So I just deleted this whole thing. Seriously... I'm not really sure what I was writing there, but it didn't sound like me... it sounded like... I had the flu... I had the writer's flu and I was vomiting all over the virtual page. I'm not kidding. If I were still teaching and one of my students handed me what I just wrote, I'd probably give them a B-/C+ and tell them all the positive and constructive things I was supposed to tell them and then I'd call one of my colleagues and rant about the tripe I had to read.
...the hell is wrong with me?
Hold up... I'm going to go gargle with some salt water and clear my throat or something.
...
All right, let's try this again.
Like most working people that have jobs just to pay the bills, I hate Mondays. They come in like some sort of bad hangover and you don't get your bearings until sometime around 2 in the afternoon. And when you get to work in the morning, everyone is experiencing the same damn "hangover" you are and nothing can change that mood -- that is... until the "Happy Monday" lady rolls around.
I'm not lying, there is seriously a "Happy Monday" lady at my office. You see this weird china doll head thing right here? She's like that, no lie. Glassy eyed lady with strange hair and she walks down the hall by my cubicle every Monday and cheerily says, "HAPPY MONDAY!" to my assistant. Every fucking Monday she says that! And I'm always sitting in my cubicle thinking, "Is this lady for real?" (or at least I used to always think that until I finally decided she was for real) Who does that? It somehow seems sick and wrong that someone could possibly be THAT excited about Monday. Not only that, I'm pretty sure she works in the customer service department where she has to get bitch slapped all day long so... wow... Happy Monday indeed.
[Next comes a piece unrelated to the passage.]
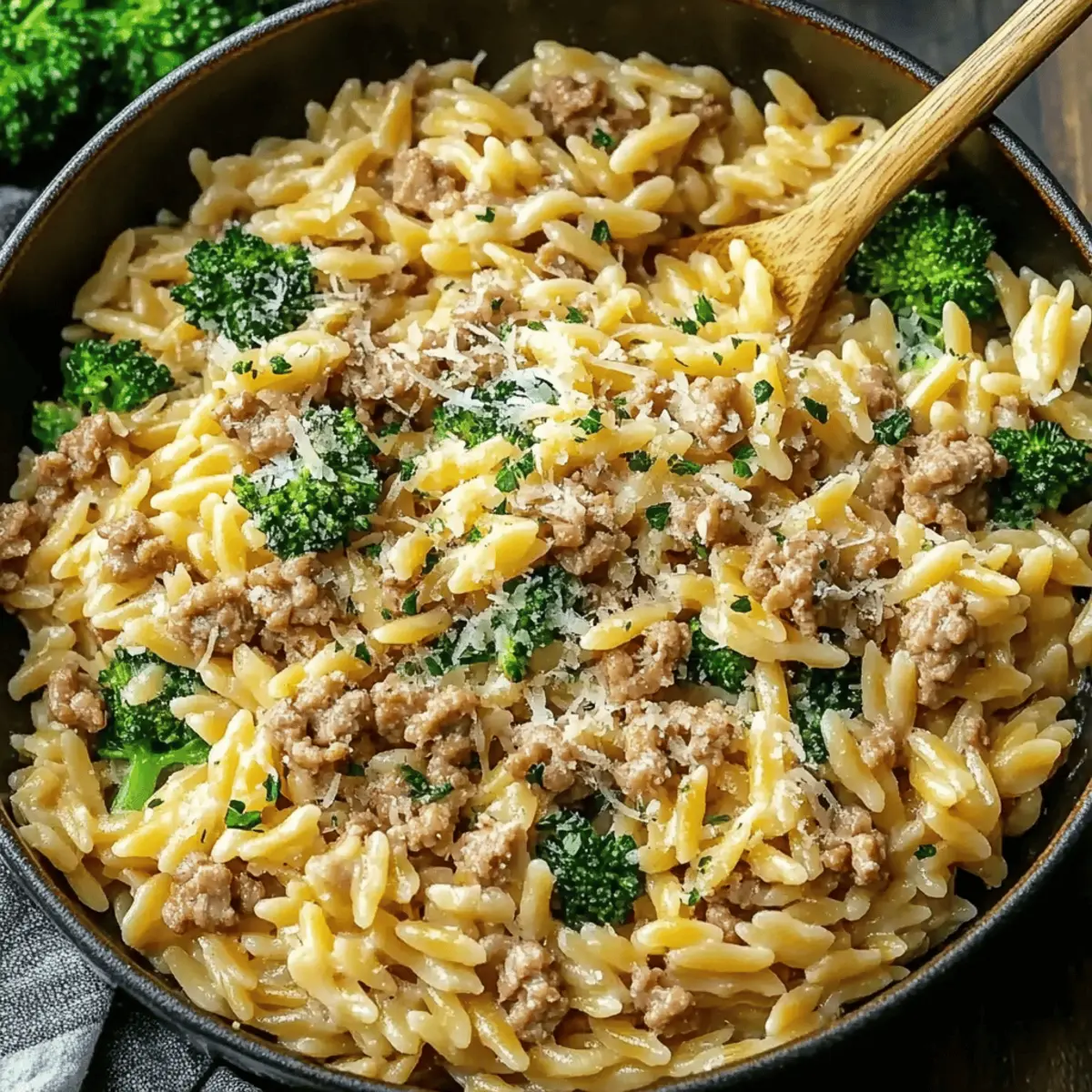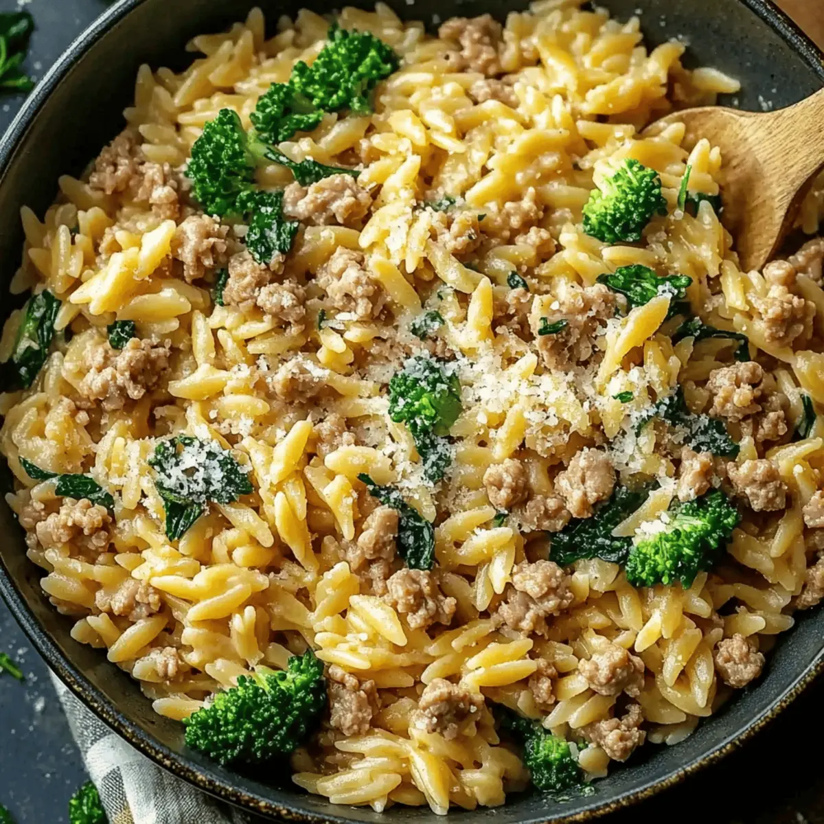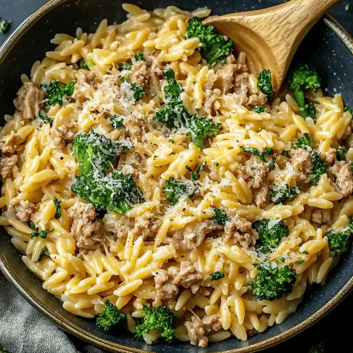 Finally, fold in the sautéed broccoli, ensuring it's well distributed throughout the creamy Ground Turkey Orzo. Mix everything together gently, allowing the flavors to harmonize before serving it warm, straight from the skillet for a comforting meal your family will love.

I've been working in this same office for the past four years, and I'd have to say it's only been in the last 9 months that I've noticed this lady, and nine months later she still throws me for a loop. It's the closest I get to that Office Space moment where the main character's admin says, "Oh... looks like someone has a case of The Mondays..." Damn right I do! I have a case of The Mondays every damn Monday, and your over the top cheeriness is only making it worse!
Now here's the worst part of the Happy Monday Lady: after I sit there and run several lines of sarcasm past my admin, making her laugh of course, I have this strange guilt feeling that something is terribly wrong with me, that I shouldn't make fun of someone so happy and cheery and positive, that I too should have this cheerfully canned approach to Monday and say something to myself like, "Seize the Monday!" or "The Monday is your oyster! Make the best of it!" But... I shake it off. I can't be that way, I'm not that way. I have plenty of positive outlook moments in my life, but Monday just isn't one of them. And... let's face it, what kind of writer would I be if I walked around like a glass eyed fair of face Monday's child? I'm pretty sure that lady knits and bakes cookies. I don't knit and I don't bake cookies. I spew... that's what I do. I spew and I say things off the cuff and I make random office people laugh with my jadedness and... I like it that way. Besides, if I were Monday's Child, if I were "fair of face" (whatever the hell that means... Monday's child is fair of face...? The hell does that mean? It's certainly not me. I wake up looking in the mirror thinking I'm one haggard ninny on Monday mornings because I have insomnia and Mondays just suck so.... ) that kind of attitude (the fair of face kind, which I needed to clarify because my last parenthetical rant went on a little longer than I had intended and I think it may have distracted you from my original point) doesn't make for a very humorous Monday morning blog now, does it?